Марина прислушивалась к торопливому стуку колес, осматривала вагон, который нравился ей своей печальной старомодностью, изредка поглядывала на своих соседей.
Два месяца тому назад она не могла бы поверить, что будет ехать в вагоне для бесконвойных с пропуском в кармане. Этот пропуск она время от времени нащупывала, как бы желая убедиться, что он здесь, с нею, что это не сон, а самая настоящая явь. В пропуске лежит командировочное удостоверение, в котором сказано, что
«з/к Воронова Марина Николаевна направляется в служебную командировку сроком на трое суток в детскую колонию».
В скобках помечено:
«бывш. 6 л/п.».
Там ждет ее Галина Владимировна. Они должны подготовить все к приезду колонистов. Сначала приедут мальчики с воспитателем — офицером, назначенным на эту работу после госпиталя, а потом и девушки.
Пропуск вручил Марине капитан Белоненко. У нее дрожали руки, и она кусала губы от волнения. Он, конечно, все это видел и потому поскорее выпроводил ее из кабинета, сказав только, что для бригады и, в частности, для Маши Добрыниной получение пропуска — тайна. «В командировку вы едете под конвоем, так им и скажите».

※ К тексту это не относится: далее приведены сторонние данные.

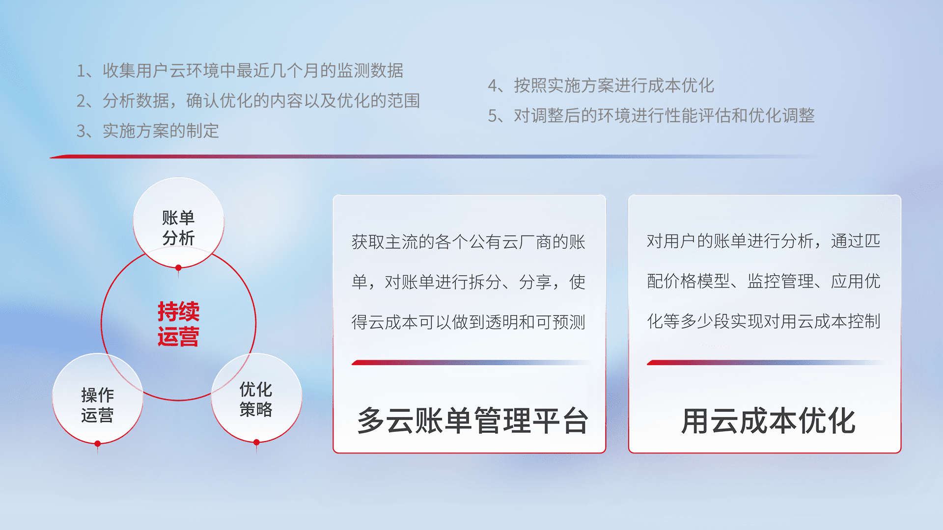 通过多云纳管,,以统一的资源数据模型把客户的云资源进行抽象和封装,,进而实现对多云资源的统一操作,,保障云资源管理的可靠性、、稳定性与可用性。。。量身定制化运维内容,,,配置、、、开发运维、、、补丁管理、、、备份、、、、监控、、认证和访问管理、、、、审计和日常巡检等,,,保障在用云过程中的可靠度,,,稳定度以及高可用率。。。。

С пропуском в руках она подходила к вахте. Непередаваемое чувство ожидания прекрасного, которое откроется перед ней сразу же за воротами, охватило ее. Там будет необыкновенным все: и деревья, и кустарник, и трава, и сам воздух. Необыкновенным и прекрасным, потому что все это находится там, за пределами высокой ограды лагеря. Потому что все это еще вчера было недоступным. А теперь Марина может пойти все прямо, прямо, вон до той высокой осины — золотой в свете вечернего солнца. Можно наклониться и поднять желтый опавший лист, надкусить его тонкий стерженек и ощутить во рту горьковатый вкус. Можно сесть на пень, почерневший от времени, и прислушаться к голосам леса. Перелетных птиц уже нет, но, наверное, где-нибудь в кустарнике можно услышать щебетание какой-нибудь пичуги, мужественно переносящей зимнюю стужу родных мест. А самое главное, что ожидает Марину там, — это тишина. Она любила людей, любила шум и говор московских улиц, жаркие споры в студенческих общежитиях, она выросла в детском доме, ранняя юность ее прошла среди веселой, говорливой, неуемной в порывах и неутомимой в радостях комсомолии. Но в лагере она впервые почувствовала тяжесть вынужденного общения с людьми. Здесь никогда нельзя было остаться одной. Днем и ночью рядом были люди, от которых хотелось отдохнуть хотя бы на час.
Раньше Марина не ценила прелести тишины и не ощущала необходимости в одиночестве. Не ценила она и свободы.